Technical information
- Licensing authority: FCC
- Facility ID: 3964
- Class: D
- Power: 5,000 watts day; 34 watts night;
- HAAT: 202.3 meters (664 ft)
- Transmitter coordinates: 37°8′15.3″N 83°46′49.7″W﻿ / ﻿37.137583°N 83.780472°W
- Repeater: 104.5 W283AH (Manchester)

Links
- Public license information: Public file; LMS;

= WKLB (AM) =

Radio station in Manchester, Kentucky, United States

WKLB (1290 AM and 104.5 FM) is a radio station broadcasting a rock & roll, country and contemporary Christian format. It is licensed to Manchester, Kentucky, United States. The station is owned by Robert Rodgers and Curt Davis, through licensee Sonshine Broadcasting Company, Ltd., and features programming from Fox News Radio and the Kentucky News Network.

In 1983 WKLB received approval from the Federal Communications Commission (FCC) to increase its power to 5000 watts, making it one of the most powerful AM radio stations in the Kentucky Mountains. Its 5000 watt signal covers a good portion of the Kentucky Mountains. The station's range reaches as far east as Knott County, Kentucky, as far west as Somerset, Kentucky, as far north as the Bert T. Combs Mountain Parkway in Campton, Kentucky, and as far south as Jellico, Tennessee, on Interstate 75.
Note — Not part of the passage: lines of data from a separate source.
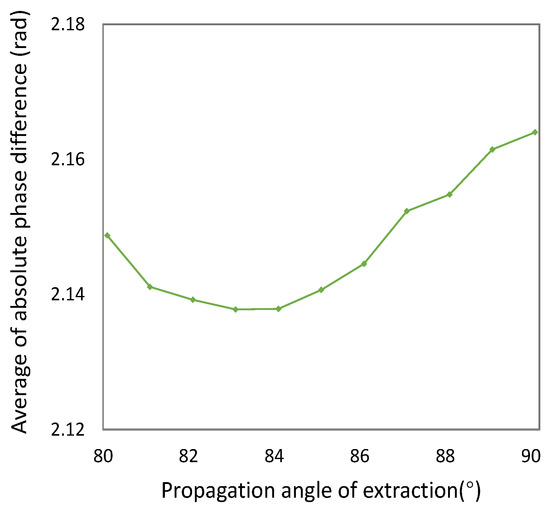 When the propagation angle of extraction is 83, the sinking coefficient which minimizes the error factor is 0.15. Figure 9 shows the relationship between the error factor and the propagation angle of extraction when the sinking coefficient is 0.15. It can be seen that, as the propagation angle of extraction increases, the error factor first decreases and then increases and the minimum value is obtained when the mining influence propagation angle is 83. It is worth noting that, in Figure 8, not all curves are at their minimum value when the sinking coefficient is 0.15. For example, when the mining influence propagation angle is 89, the sinking coefficient that minimizes the average of the phase difference is 0.68. When the propagation angle is 90, the sinking coefficient which minimizes the average value of the phase difference is 0.67. It is indicated that the optimal value of one parameter is affected by other parameters, which is why the brute force is used in this paper to optimize all values at the same time instead of determining the optimal parameters in turn, although that would cause a lower computational burden.
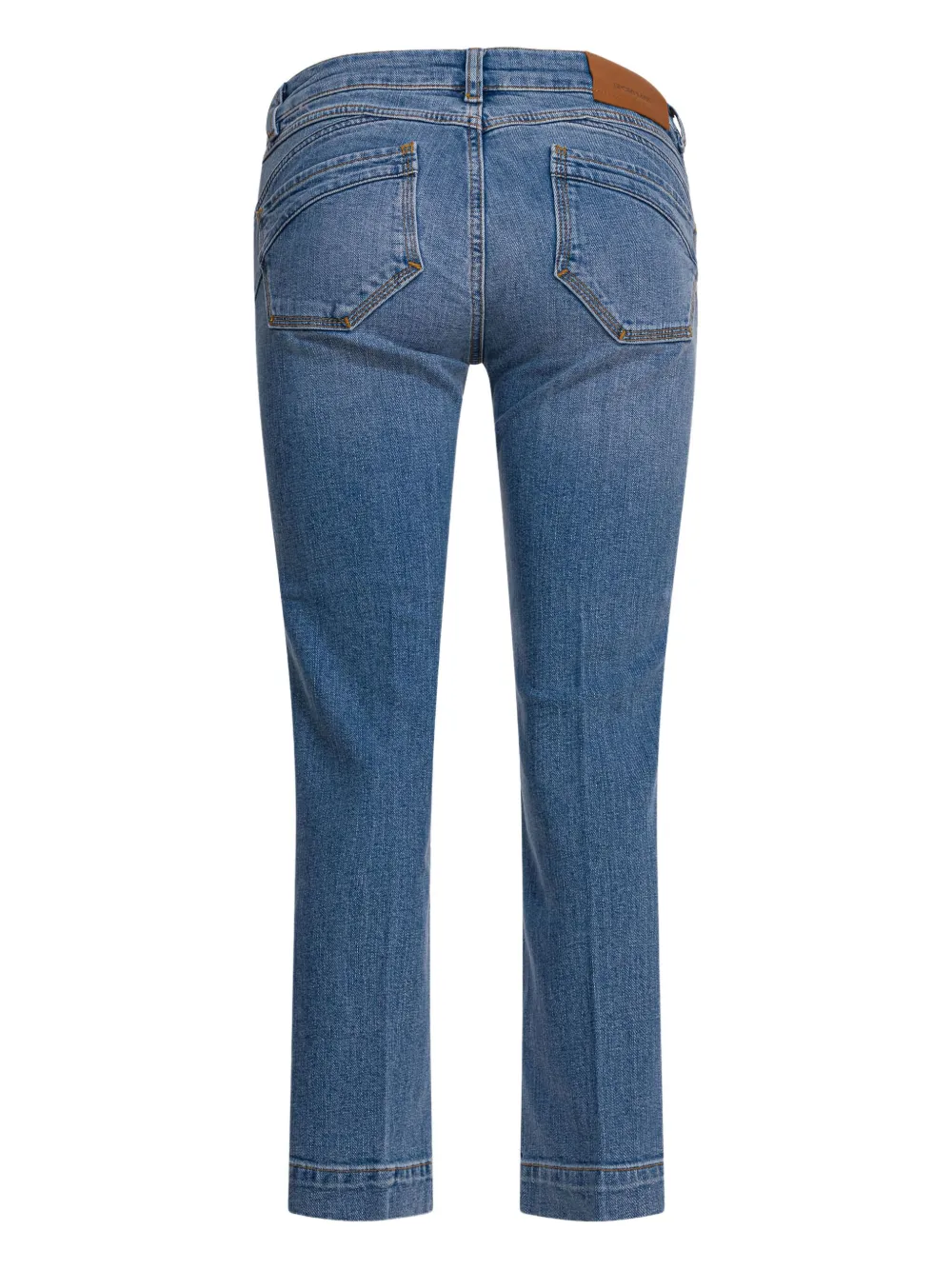 Синяя модель с пятью карманами, застежкой на пуговицы, шлевками для ремня и нашивкой с логотипом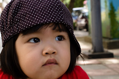 不過小傢伙跟她媽咪一樣,戴起帽子來都很有味道很好看。只是媽咪自己帽子也買了好幾頂,出門卻很少看她在戴。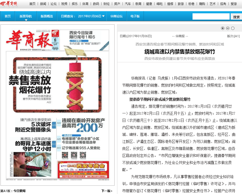1月4日,西安市政府发布关于加强烟花爆竹安全管理的通告,规定绕城高速以内区域为禁止销售、燃放区域。西安市政协委员、Beat365中文官方网站宣传部长袁武振认为,西安及周边城市应联合行动,仅仅西安市决定在绕城高速以内禁放是不够。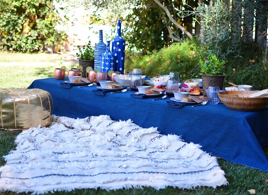 1. Set the Mood & the Table: Make it easy, uncomplicated and most of all, authentic and fun! And, by that we mean, anything from using your picnic table and benches, cozy-ing up the outdoor seating area, to bringing your coffee table out on the lawn, throwing down some blankets, scattering pillows and throws to create a warm atmosphere, and lighting candles everywhere. In this case, we threw down my friend Stefanie's Moroccan Wedding blanket. It's the real deal, truly AH-mazing, I love it, and if there was any way I could snatch it, I would. Sorry, Stef. Next time, please buy two!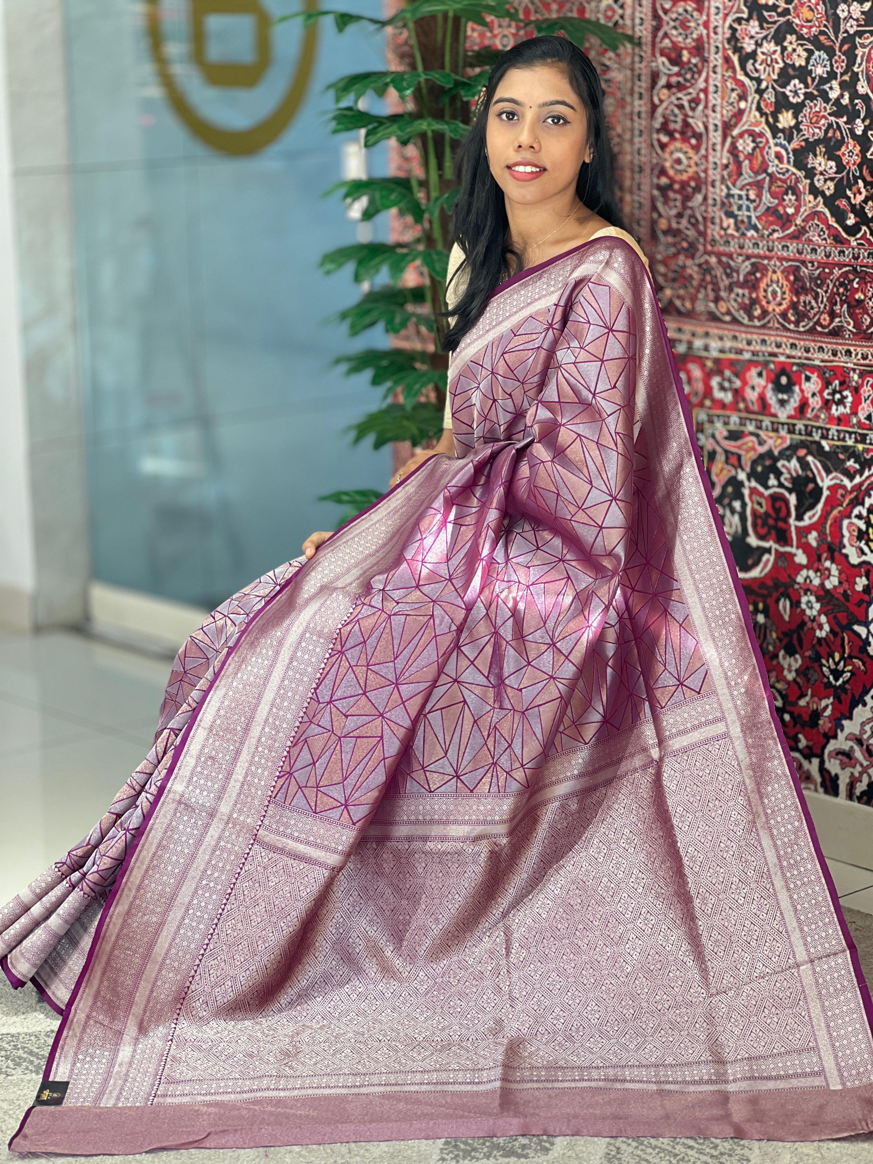 - Style: Banarasi Woven, Silver & Golden Zari Woven, Diamond Patterned Pallu, Geometric Pattern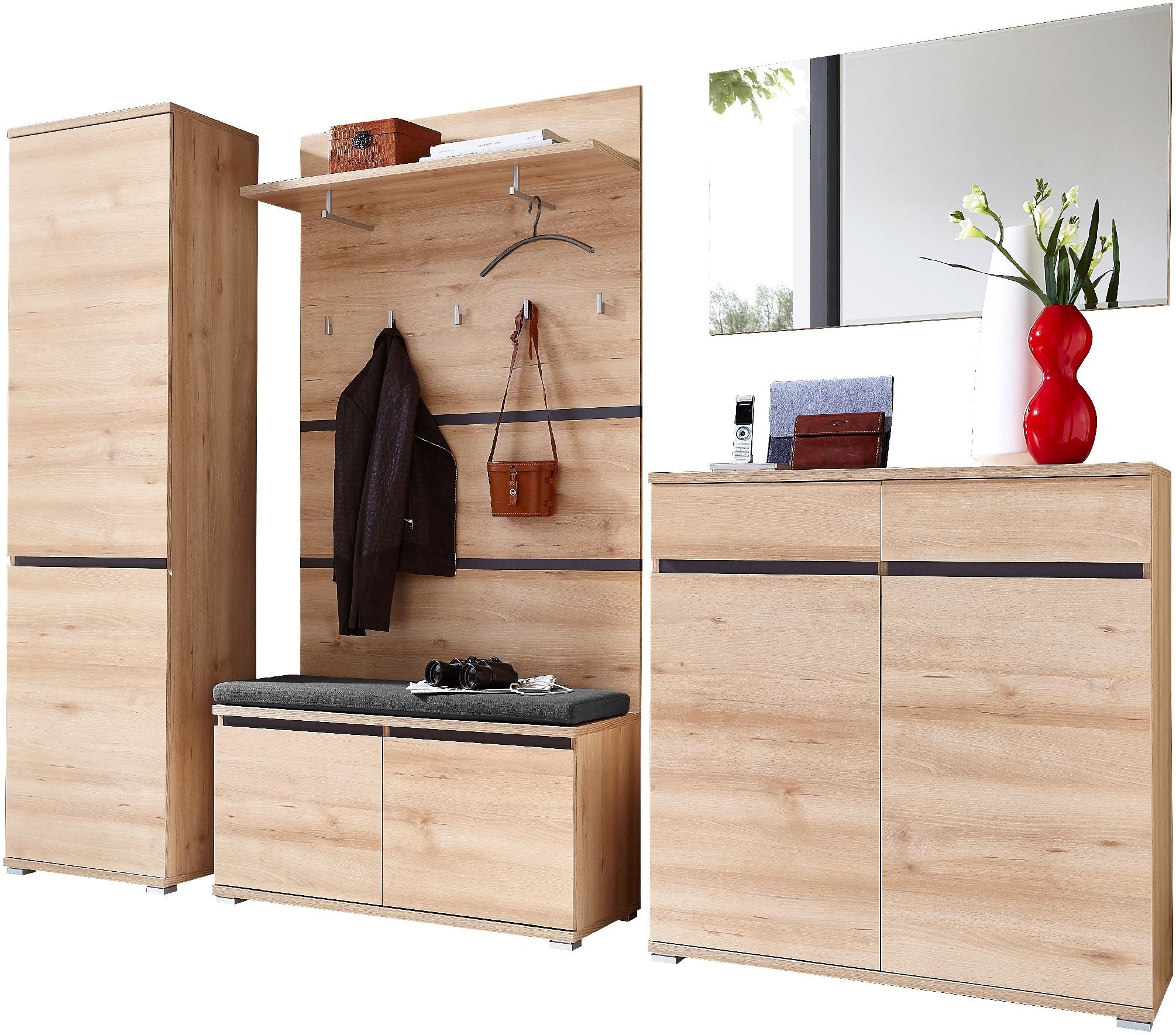 • Praktische und durchdachte Funktionen: Das Set beinhaltet eine ausziehbare Kleiderstange und einen Spiegel mit Facettenschliff, die Ihre Garderobe perfekt ergänzen und die Nutzung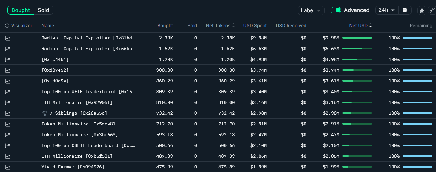 Рыночный спад даже вдохновил печально известный криптокошелек Radiant Capital на приобретение Ethereum. Сумма покупки составила $16,6 млн.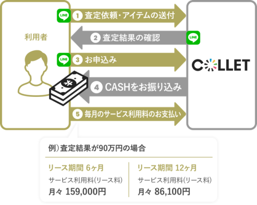質屋とは異なり、リースバックを活用したサービスです。COLLET CASHのリースバックとは、お客様のアイテムの買取をさせていただき(買取代金をお支払いし)、月額サービス料(リース料)のお支払いを通じて、アイテムの買戻しをしていただくサービスです。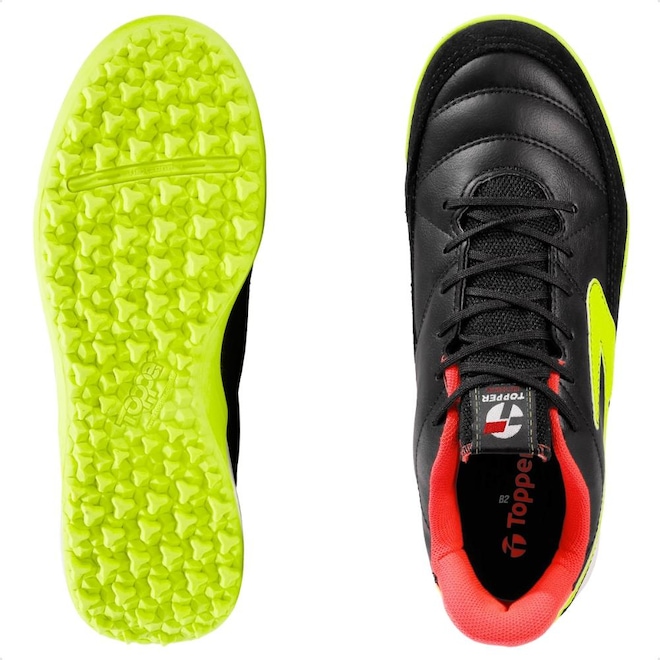 essa chuteira society Topper é confeccionada em materiais de alta qualidade que oferecem conforto e segurança durante as partidas.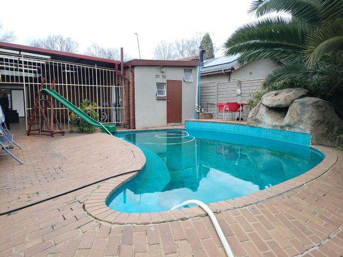 Entertainer's dream in established Selcourt, Springs — expansive garden with sparkling pool and built-in braai, plus staff quarters, double garage and automated gate for secure family living.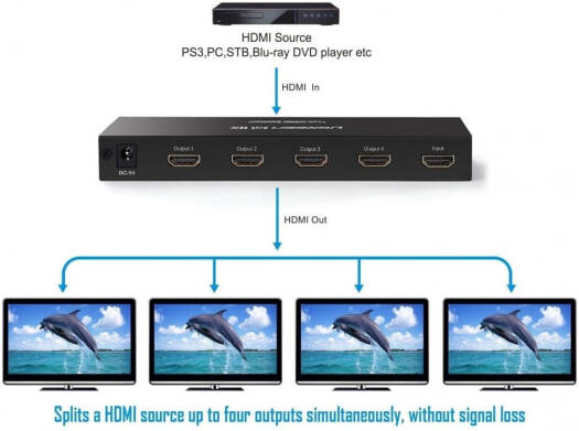 1×4 HDMI Amplifier Splitter UGREEN’s 4-Port HDMI Splitter is a high-performance device that splits one HDMI input into four identical HDMI outputs. It allows you to connect four TVs, monitors, or projectors to a single HDMI source device, such as a Blu-ray player, gaming console, or computer. Specifications Input Interface 1 x HDMI Output Interface 4 x HDMI Resolution Up to 4K (3840×2160)
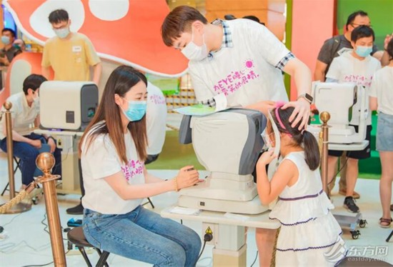 由于近距離用眼時間增多、戶外活動時間減少、電子產品的頻繁使用等可能促進近視的發生發展。在演出現場,復旦大學附屬眼耳鼻喉科醫院由周行濤院長、許燁副主任醫師、陳志副主任醫師帶領志愿者團隊為孩子們做眼健康篩查和屈光篩查,并進行公益咨詢,不僅發現有近視高危兒童,也篩查出近視,散光,斜視等異常,給予了專業的建議。
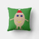 Esta travesseiro incrível mostra uma engraçada caricatura de um ovo com braços e pernas. O ovo tem braços e pernas e uma pequena fenda na cabeça expondo o dentro branco. Tem olhos azuis com um aluno preto e um sorriso grande onde a gema do ovo pode ser vista. A casca do ovo parece áspera. Este ovo de Natal está vestindo um chapéu de Papai Noel pronto para festas nesta temporada de festas.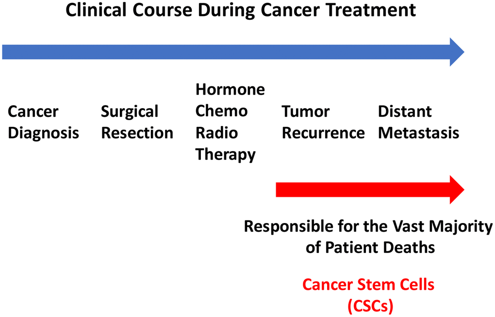 After a breast cancer diagnosis, most patients undergo surgical resection of the primary tumor and are then subsequently treated with hormone-, chemo- and/or radio-therapy, depending on the breast cancer subtype. However, many patients ultimately experience treatment failure, resulting in tumor recurrence and distant metastasis. Unfortunately, distant metastasis is responsible for the premature deaths in the vast majority of cancer patients, approaching >90% (Figure 1). Therefore, new diagnostics and therapeutics are urgently needed to prevent and treat metastatic disease, which has been attributed to the existence and resurgence of a small sub-population of cancer cells, known as cancer stem cells (CSCs).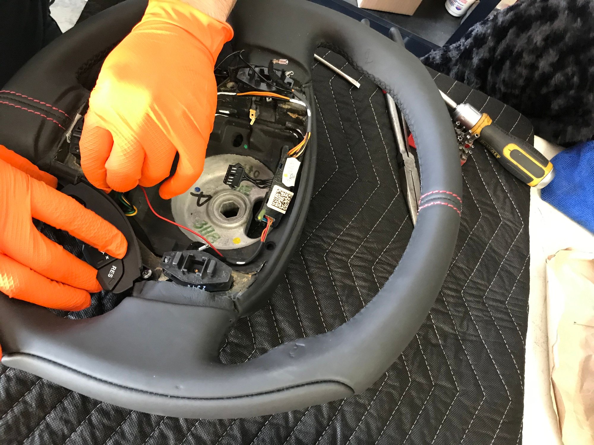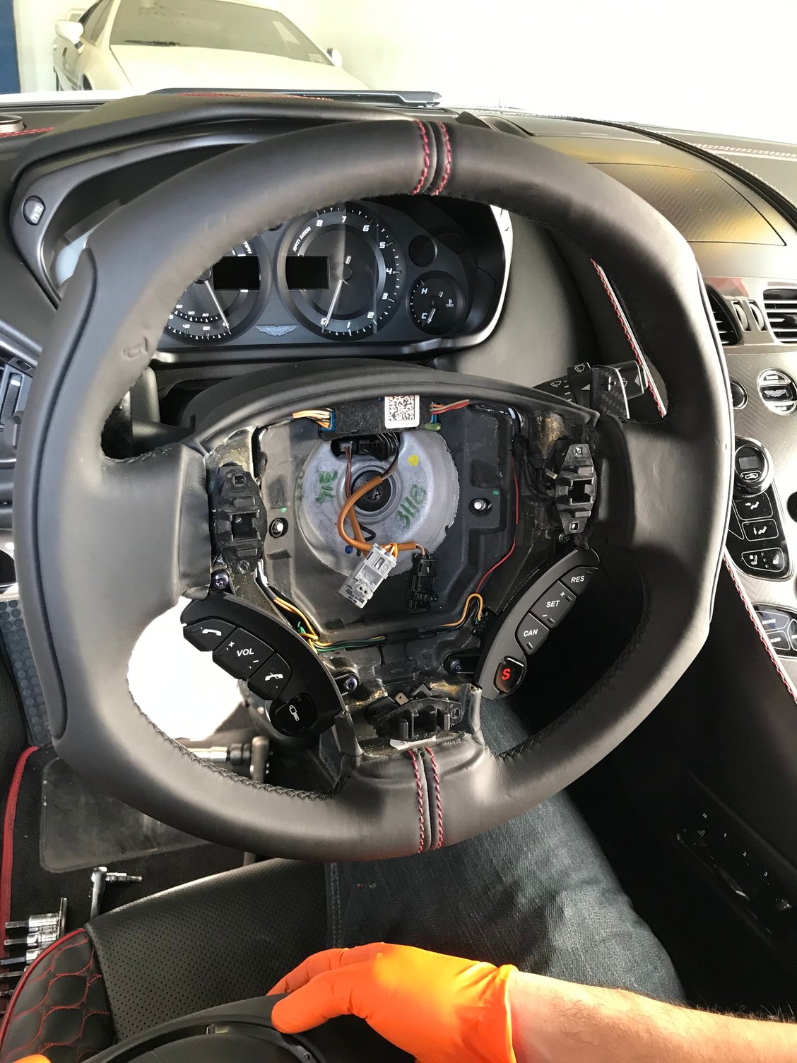All right! Installed the One77 steering wheel which I got from astonmartinbits.com. My buddy has a shop and just had him do it...took about an hour. One main difference is the location of the horn buttons, so there is a slight difference but overall the same.

The station has broadcast Clay County High School football, and boys' and girls' basketball games since first going on the air in 1980. WKLB 1290/104.5 has exclusive rights to the University of Kentucky football and men's and women's basketball via contract with IMG.

The original founder of WKLB was Larry and Lynda Barker of Barker Broadcasting. WKLB is named after its founders. WKLB remained country in format with a popular morning talk show The SwapShop featuring host “Cornbread” from 1980 until it was sold in 2015.